Wait a second!!! Do you really compress pending buffers in single thread?! I have 8 threads sleeping and waiting journal to be flushed on disk!!!

Tad, tell me that I'm wrong!
UPDATED: I don't want to insult anyone. I just meant that now it is all clear: unpatched version is limited by disk I/O and I expected to see better results for patched version because disk idles, but it is limited by single thread compression.

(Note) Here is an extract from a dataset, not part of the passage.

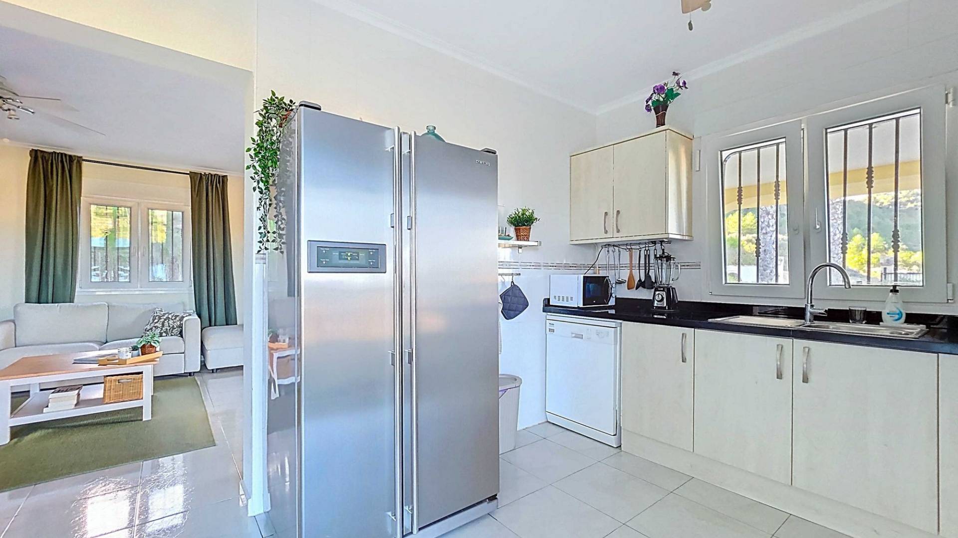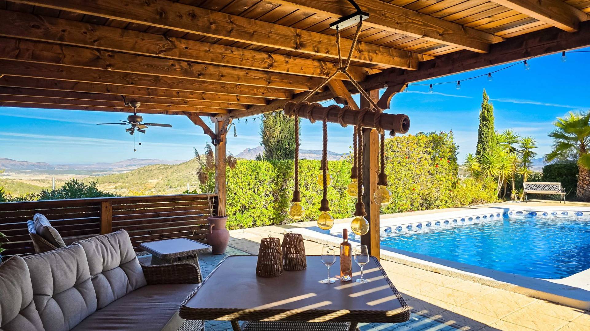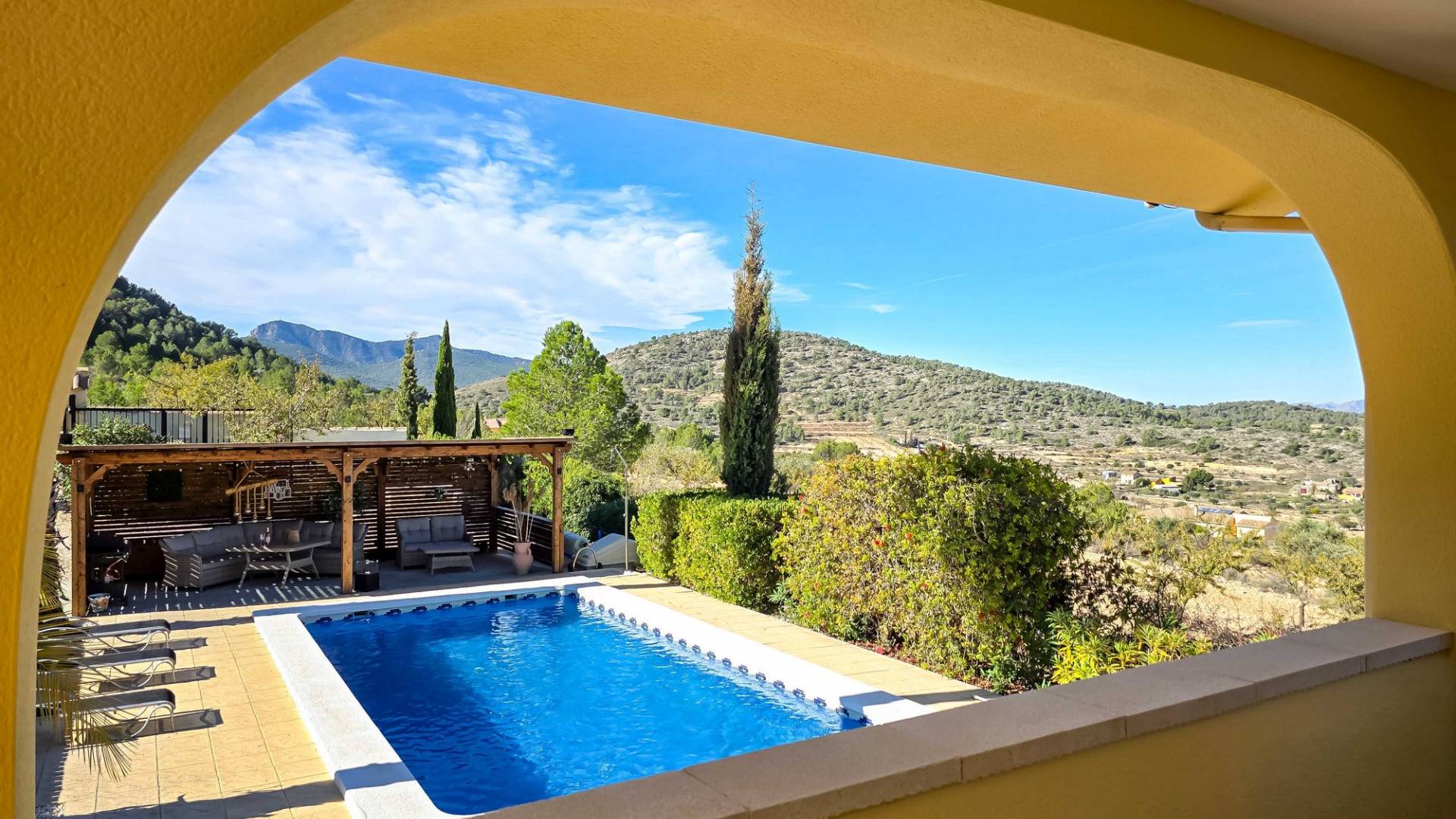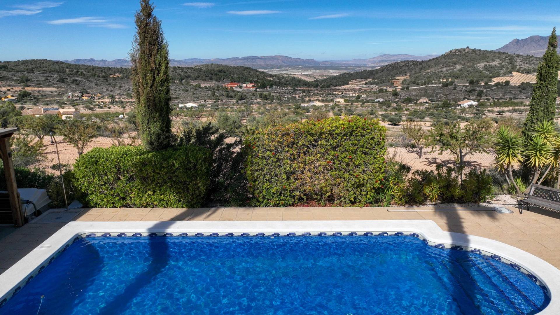 Villa La Zarza Una auténtica villa lista para entrar a vivir, con posiblemente la mejor vista al valle de La Zarza. Disfruta de la puesta de sol desde la terraza o junto a la piscina con una copa de vino local, rodeado de montañas y con total privacidad. Esta vivienda está en venta en exclusiva, lo que significa que todos los documentos han sido revisados previamente y que todo está en orden o se puede regularizar. Terreno Tras el portón eléctrico se encuentra la amplia parcela totalmente vallada. El jardín de bajo mantenimiento está bien cuidado e incluye varios olivos y almendros con riego automático. En el jardín hay un trastero independiente de obra (2,5 x 5 metros). La zona exterior cuenta con una piscina de 8 x 4 metros y una pérgola instalada recientemente que ofrece una zona de sombra ideal en los días calurosos. La villa La villa está impecable y lista para vivir de inmediato. Los muebles pueden adquirirse aparte, lo que permite instalarse sin demora o utilizarla como vivienda vacacional. Dispone de un salón amplio y luminoso que conecta con el comedor y una cocina bien equipada con electrodomésticos de primeras marcas. Hay tres dormitorios, siendo el principal con baño en suite. Además hay un segundo baño independiente. El salón tiene acceso a una amplia terraza cubierta con vistas panorámicas a la piscina, mientras que el comedor junto a la cocina da paso a otra terraza con vistas abiertas al valle. Instalaciones La villa cuenta con una estufa de pellets en el salón, calefacción central de gas con radiadores en todas las estancias y suelo radiante eléctrico. En el salón y el dormitorio principal se ha instalado recientemente aire acondicionado (frío/calor) con control por aplicación. Dispone de fosa séptica, conexión eléctrica y depósito de agua. Un panel solar proporciona agua caliente. Las ventanas de PVC son oscilobatientes con persianas y mosquiteras. Hay espacio de almacenamiento adicional bajo parte de la casa y sobre el dormitorio principal (acceso por trampilla). Ubicación La villa está rodeada de la hermosa naturaleza verde del valle de La Zarza, a solo 20 minutos en coche de Pinoso y Abanilla. Es una zona rural con pinares, viñedos y campos de almendros y olivos. La villa está en un entorno tranquilo, pero con otras villas en los alrededores. En Pinoso y Abanilla encontrarás todos los servicios diarios como supermercados, colegios, centro médico, instalaciones deportivas y numerosos restaurantes. La zona ofrece muchas rutas para caminar, hacer senderismo y ciclismo. El clima es plenamente mediterráneo. Tanto los aeropuertos de Alicante como de Murcia y las playas están a menos de una hora. Ponte en contacto para una visita y siente tú mismo las vistas espectaculares.
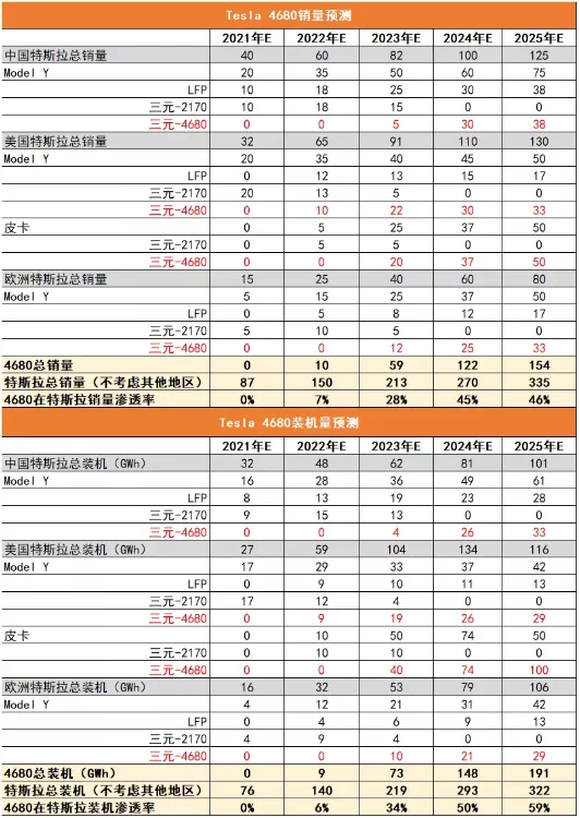 2170&4680假设:参照2170对18650的替代速度,因此假设22年以2170为主,23年后逐步转向4680,24年4680完全替代2170(Model 3除外)。海外进展将快于国内。

I've put all my aces on the table, I've no idea what to prove further. May be you'll suggest any additional tests to run?

Comment by Dmitry Naumov [ 28/May/13 ]

Tad, meanwhile I'm collecting multi-threaded benchmark result, I want to point out on another issue, imho, I saw in code. If I remember correctly, all writes to journal are made by 8K blocks. Which is fine untill my underlying filesystem cluster is less or equal 8K. But what if it is large, let's say 64K (which can be useful for 3TB disks)... What do you think, is it issue or not? Should I file it as separate issue?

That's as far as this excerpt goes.